Focus on Sinkhorn#
We provide in this example a detailed walk-through some of the functionalities of the Sinkhorn
algorithm and its convenience API packaged in solve()
import time
import jax
import jax.numpy as jnp
import matplotlib.pyplot as plt
from ott.geometry import geometry, pointcloud
from ott.solvers import linear
from ott.solvers.linear import acceleration
From texts to word histograms#
We adapt a keras NLP tutorial to preprocess raw text (here a subset of texts from the newsgroup20 database) and turn them into word embeddings histograms; see here for detailed preprocessing.

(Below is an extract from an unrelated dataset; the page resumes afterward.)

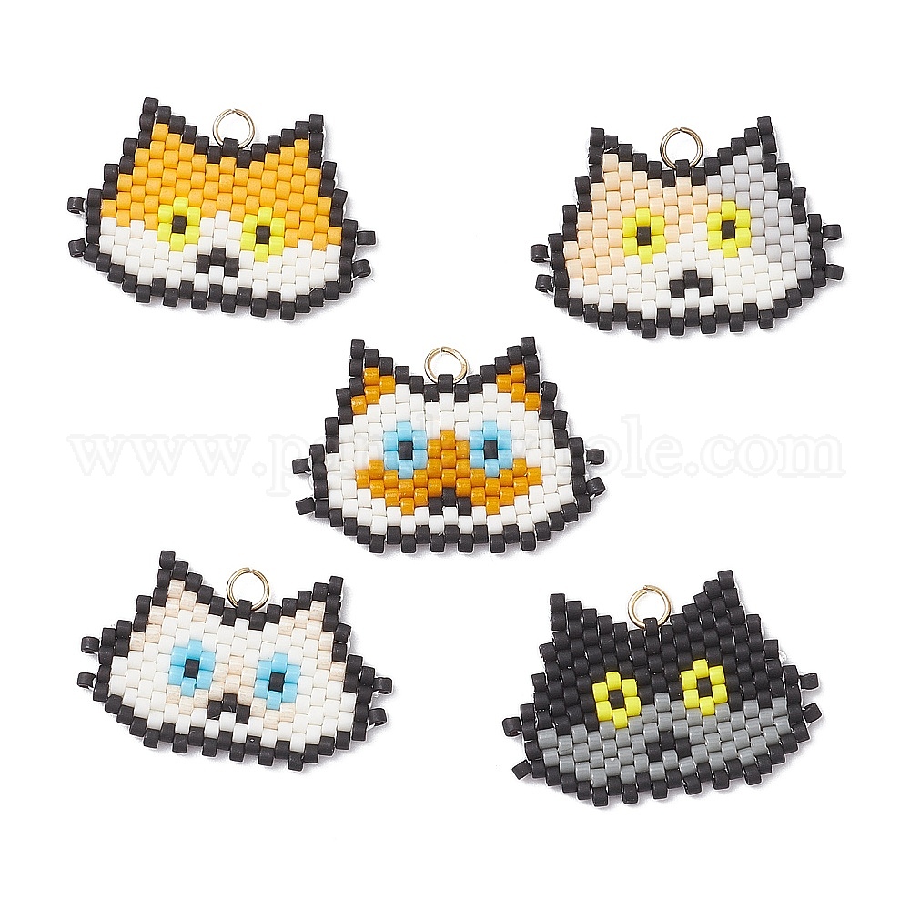 Подвески ручной работы из стеклянных бусин в форме головы кошки, с 304 петлей из нержавеющей стали

This helps us recover 635 histograms supported on 4000 words, each represented by a 50-dimensional vector. We download that data using an url
import io
import requests
import numpy as np
response = requests.get("https://marcocuturi.net/embeddings.npz")
data = np.load(io.BytesIO(response.content))
X, HIST = data.get("X"), data.get("HIST")
# X contains 4000 word embeddings in dimension 50 , HIST a 653 x 4000 (row-normalized) matrix of histograms.
print(
f"{HIST.shape[0]} texts supported on up to {HIST.shape[1]} words of dimension {X.shape[1]}"
)
653 texts supported on up to 4000 words of dimension 50
Pairwise Sinkhorn#
Before setting a value for epsilon
, let’s get a feel of what the PointCloud
of embeddings looks like in terms of distances.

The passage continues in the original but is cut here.